Geachte Raad, geacht College van burgemeester
en wethouders,
Mijns inziens is politieke en bestuurlijke integriteit
van politieke ambtsdragers, burgemeester, wethouders en raadsleden, het
fundament waarop het vertrouwen van de burger in zijn overheid gestoeld is. In
tegenstelling tot fraude en corruptie, vaak een negatief gevolg van gebrek aan
integriteit, is het begrip integriteit niet integraal te kaderen binnen
juridische regels.
Politieke en bestuurlijke integriteit is
primair de verantwoordelijkheid van elke politieke ambtsdrager afzonderlijk
maar dient wel in een open relatie tussen burger en overheid bespreekbaar te
zijn. Bij ontbreken van of bij niet adequaat omschreven algemene gedragscodes/regels
moeten politieke ambtsdragers handelen op moreel verantwoorde wijze, op basis
van algemeen aanvaarde sociale en ethische normen.
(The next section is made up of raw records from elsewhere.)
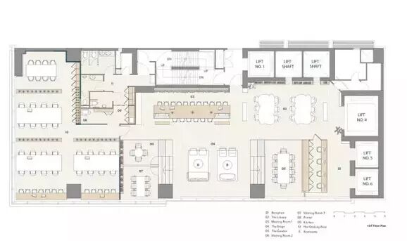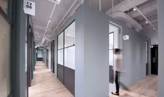 金屬、磨砂玻璃作為隔斷,區(qū)分各個(gè)辦公區(qū)域,在不妨礙采光度的同時(shí),維護(hù)了不同用戶在商業(yè)上的隱私。?
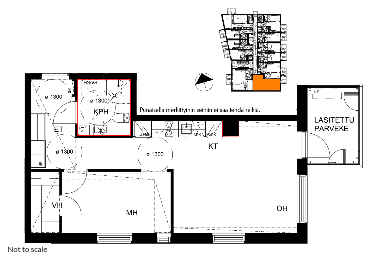 This adaptable one-bedroom apartment boasts a smart and functional layout. With windows facing two directions, light fills the space all year round. In the summer, extend your living area onto the east-facing glazed balcony.
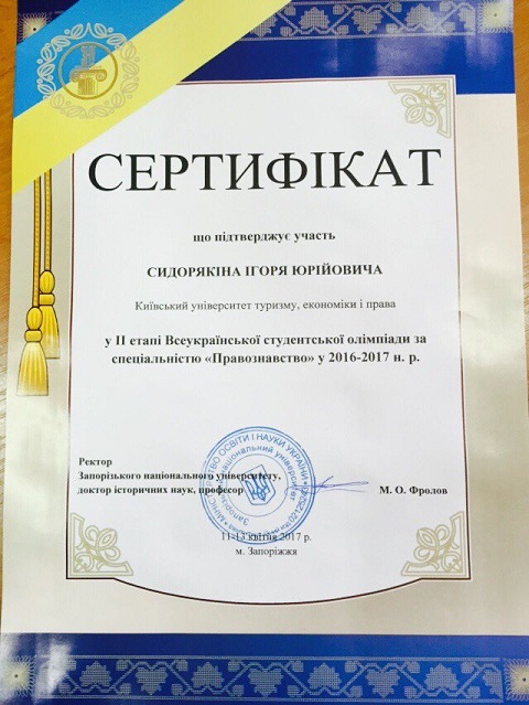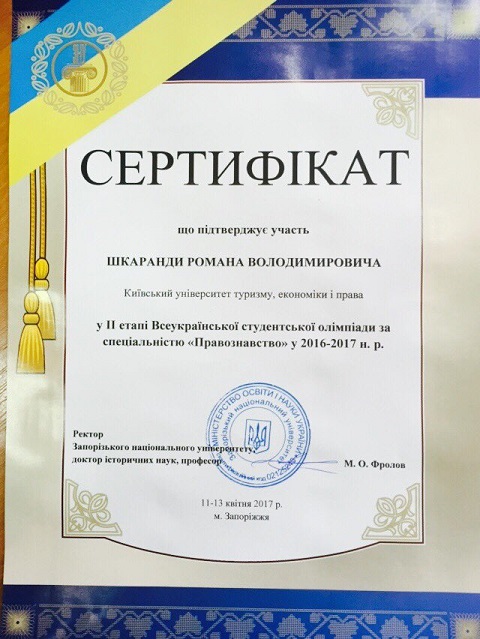 11-13 April 2017 at Zaporizhzhya National University held a second round of Ukrainian Student Olympiad in the direction of "Law", uniting 142 delegated representatives from 50 leading higher legal educational institutions in Ukraine. From Kyiv University of Tourism, Economics and Law were students Shkaranda Roman and Sydoryakin Igor. Students are proud of the honor to represent the University at the Olympics and say - "We first participated in the Olympics this level, although participated scientific competitions and conferences." After adding that the task was not easy answers require not only knowledge of codes, but also the relevant regulations. So they believe that strive to adequately represent our university.

In haar brief van 29 oktober 2012, betreffende
“Uitvoering motie Heijnen-Schouw over integriteit in het openbaar bestuur”,
heeft de toenmalige minister van Binnenlandse Zaken en Koninkrijksrelaties
(mevrouw Spies), mijns inziens, bestuurlijk integriteit goed aangekaart.
Binnen een gemeentelijke organisatie vervullen
politieke ambtsdragers en ambtenaren verschillende rollen en accenten met
daarbij ook verschillende codes maar wel met dezelfde geldende kernwaarden. Ik
heb geen reden te twijfelen aan de integriteit van het Graafse college. Daarentegen
heb ik wel mijn twijfels over de interpretatie van de raad over het begrip
‘Integriteit’ en de daarbij horende koppeling naar bestuurskwaliteit en goed raadslidmaatschap. 
Voorbeeld.
In de raadsvergadering van 15 november 2011werd
door het college een raadsvoorstel tot aanpassing van de APV ingediend dat
beperking van vuurwerkverkooppunten in de gemeente beoogde. In het debat dat
betrekking had op het voorstel was het, vooral door de inbreng en drijvende kracht
van raadslid/fractievoorzitter VVD duidelijk dat de coalitie het voorstel ondersteunde.
Politiek gezien vreemd: de VVD die zonder gegronde redenen het vrije ondernemerschap
beperkt. Door afwezigheid van enkele raadsleden kon de coalitie geen
meerderheid afdwingen en was de uitslag van de stemming onbeslist.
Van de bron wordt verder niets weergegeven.